# Eliminating Hair Algae



## thelub (Jan 4, 2013)

Have you tried spot treatments of hydrogen peroxide?

*edit* Oops, I guess if I had actually read the post 100% I would have caught the fact that you did use it. :icon_redf


----------



## drewsuf82 (May 27, 2012)

thelub said:


> Have you tried spot treatments of hydrogen peroxide?
> 
> *edit* Oops, I guess if I had actually read the post 100% I would have caught the fact that you did use it. :icon_redf


:icon_cool No worries, I just don't know what to do with it. I've had issues before with it from stuff that I've gotten and usually some combination of the treatments work. -- I just feel like I'm getting nowhere with this literally I pulled it apart today and the algae was still green _AFTER_ I had blacked out and algae fixed it -- lol some fix that was 

On a side note I saw no snails this time so I think I've either killed them or they got rinsed away.


----------



## herns (May 6, 2008)

> i've tried treating it with a combination of Algae fix


Algaefix works. I have the same problem few mos ago.

Look around what causes hair algae ie, co2, lights, ferts, etc. If you leave to algaefix alone without fixing the issue then, algaefix wont work.


----------



## creekbottom (Apr 5, 2012)

have you tried treating with Excel?


----------



## pantherspawn (Dec 21, 2011)

I get outbreaks all of the time. Amano shrimp take care of a completely riddled tank in a matter of a few short days. Work better than treating with Excel, blackouts etc.. I've tried it all. 

Sent from my SGH-T889 using Tapatalk 2


----------



## theericafish (Apr 27, 2012)

Could it be that the ammonia from the dying snails was fueling the algae growth?

Glad to hear your other tank is doing better!

People give good reviews of algaefix working so I would assume it should do its job. I'd say just keep up with what you're doing and now that the snails are mostly gone you should have less fuel for the algae to grow, just remember to remove all the algae you can manually, less decomposing material=less food for algae.

Its strange to me that the algae isn't dying from algaefix.... Looking at your other thread it looks like the moss was pretty infested though it may take more time to completely get rid of it.

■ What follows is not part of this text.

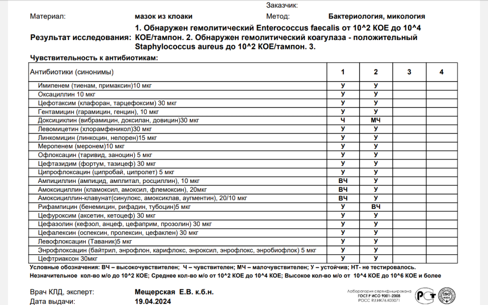 15 апреля подключила Секстафаг. Он широкого действия. Его назначала Кабрера оптимисту. Он и от энтерококков и от стафилококков. Но видимо этого недостаточно.

If you're desperate you could try a bunch of amano shirmp or a flagfish(I had great luck with a flagfish removing 100% of the hair algae in my 10G although it wasn't as large as an outbreak as yours. REMEMBER THEY CAN BE AGGRESIVE!). My amanos tend to ignore my hair algae though, I'm not quite sure why that is. Most likely because they have other things to graze on that they enjoy more. I would assume if you have a lot of amanos and fed them less you would have a great hair algae eating crew.

It seems like double doses of excel may also help but I'm not sure how it would affect the moss. Just like h202 melts it.. so could the excel so its kind of a tricky thing.

I'll be hanging out here


----------



## Vermino (Jun 14, 2012)

could it be from poor circulation flow in that area or inconsistent Co2 dosing(if you are using Co2)? These were the two main factors that helped me overcome the hair algae problem in my tank.


----------



## drewsuf82 (May 27, 2012)

Thanks for all the replies everyone  I'll try to reply to each of you and maybe we can come up with a better solution.



herns said:


> Algaefix works. I have the same problem few mos ago.
> 
> Look around what causes hair algae ie, co2, lights, ferts, etc. If you leave to algaefix alone without fixing the issue then, algaefix wont work.

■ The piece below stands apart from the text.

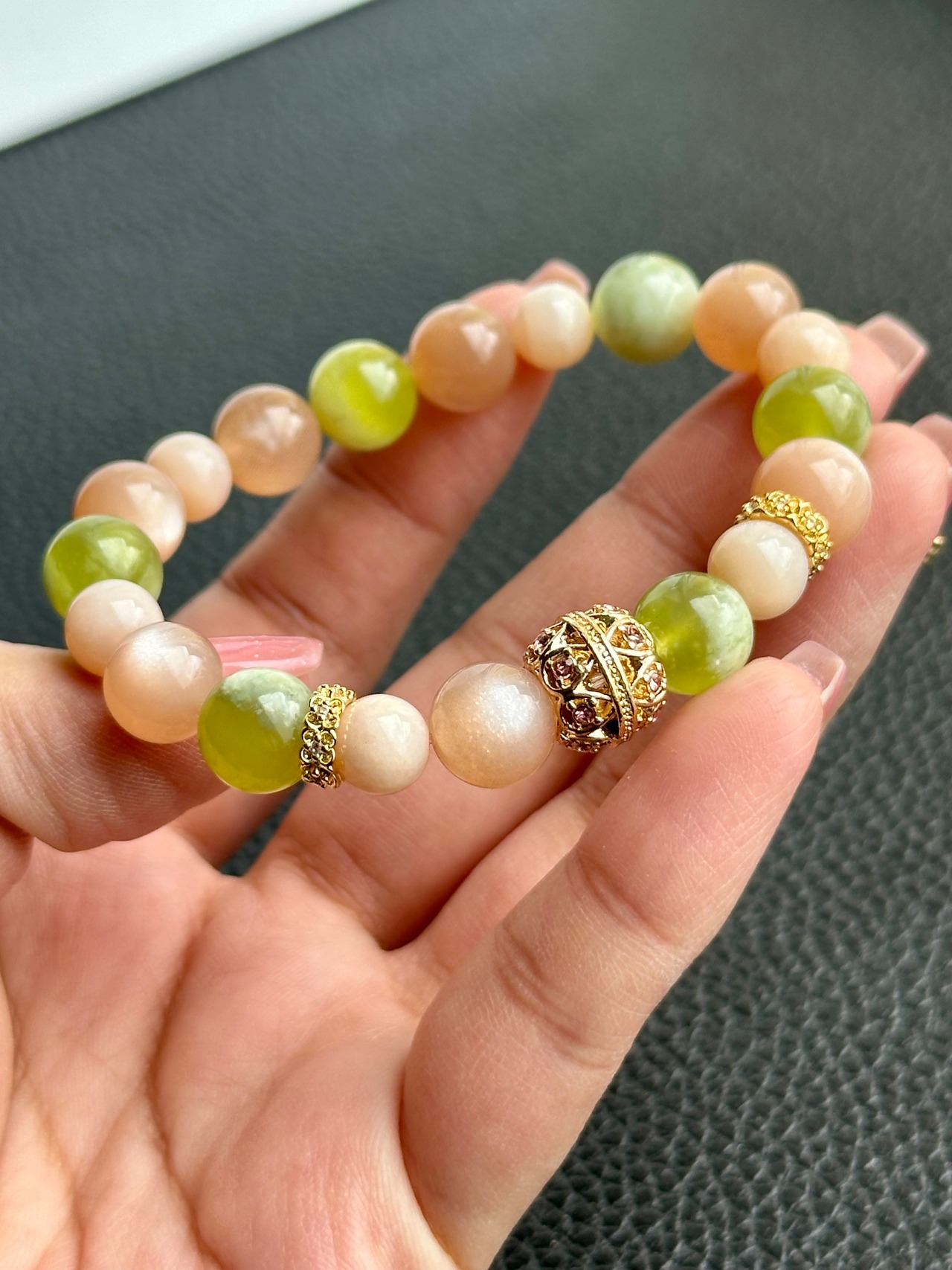 オレンジムーンストーン×マスカットサーペンティン×ピンクオパール

The tank is a 10 gallon with a simple T8 bulb on a 4 on 4 off 4 on schedule. Ferts are dosed weekly as per flourish instructions and the CO2 I add is excel every few days.



creekbottom said:


> have you tried treating with Excel?


I haven't done the excel treatment only because everytime I excel treat moss I end up turning it white :icon_cry:



theericafish said:


> Could it be that the ammonia from the dying snails was fueling the algae growth?
> 
> Glad to hear your other tank is doing better!
> 
> ...


Yea it was horrible!!!!! I've rescaped the tank completely and pulled out any and all plants which were in the tank at the time. I've been getting a bit of brown glass algae here and there however I need to get a pleco in there so that I'm not so worried about.

Currently the moss has been pulled out completely and segregated to a storage bin for treatment. I've done the algae fix and blackout I just don't wanna kill my moss from having it blacked out for so long :eek5:



Vermino said:


> could it be from poor circulation flow in that area or inconsistent Co2 dosing(if you are using Co2)? These were the two main factors that helped me overcome the hair algae problem in my tank.

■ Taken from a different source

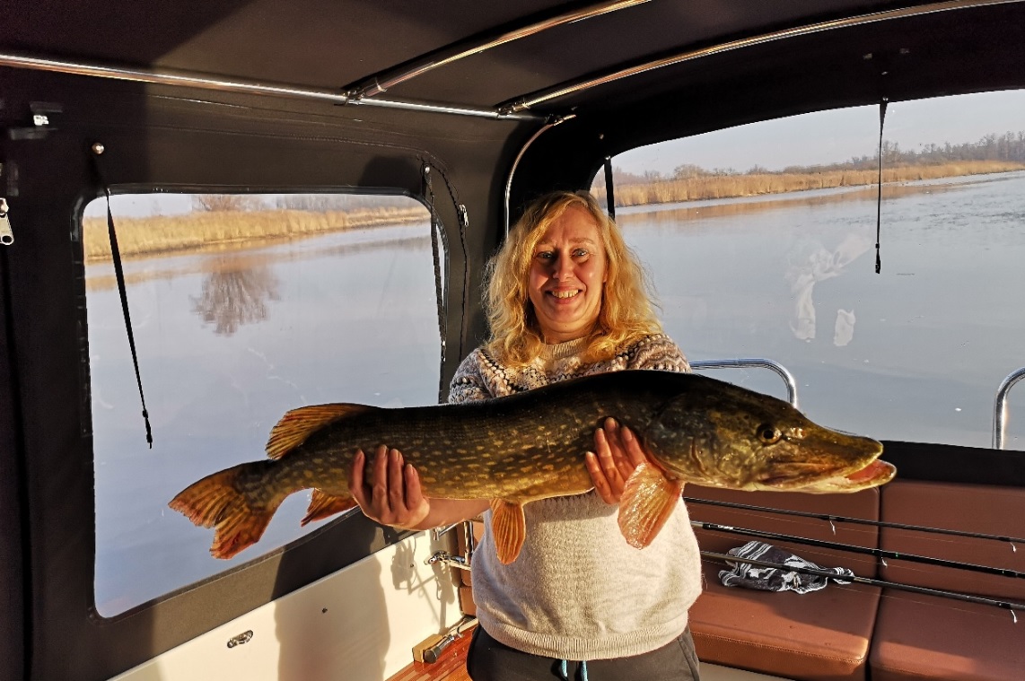 Karin de Jong viste vanuit de boot met doodaas en als beloning kwam deze vette snoek op bezoek.

TBH the tank only had an in-tank pen plax filter the cascade 300. I still have that in there but I've also put in an air driven sponge filter hoping to increase some water movement and surface agitation.


----------



## drewsuf82 (May 27, 2012)

I checked the moss today, I seem to of gotten rid of the horrible smell it was producing (YAY) and I did a good pull apart and there's still some hair algae but it's coming down. Today I'm going to let the moss get some light and nutrients since it doesn't look like it's too happy and then I'll go from there.

I only saw about 4 snails as well. As many of you have suggested I'm going to add a spot of excel into the tub today while it's under the light and then I'll go from there tomorrow depending on how things look.

Again thank you everyone for all the tips and help here. These forums have been amazing to me and one of my favorite things to do throughout the day from my phone at work (shhh don't tell the boss)


----------



## Suzie Q (Jan 8, 2007)

I had hair algae in some java moss I bought online...It wasn't a huge amount of moss, so I took stand by strand of the moss and cleaned the algae off. It never came back. Could you clean some of it off and start over?


----------



## vasol (Jan 22, 2013)

h2o2 nuke!!!! worked very well for my BBA and GHA

http://www.plantedtank.net/forums/showthread.php?t=203684


----------



## newbieplanter (Jan 13, 2013)

vasol said:


> h2o2 nuke!!!! worked very well for my BBA and GHA
> 
> http://www.plantedtank.net/forums/showthread.php?t=203684


I wanna try this but I think I'll end up killing my fish or blowing up the substrate?


----------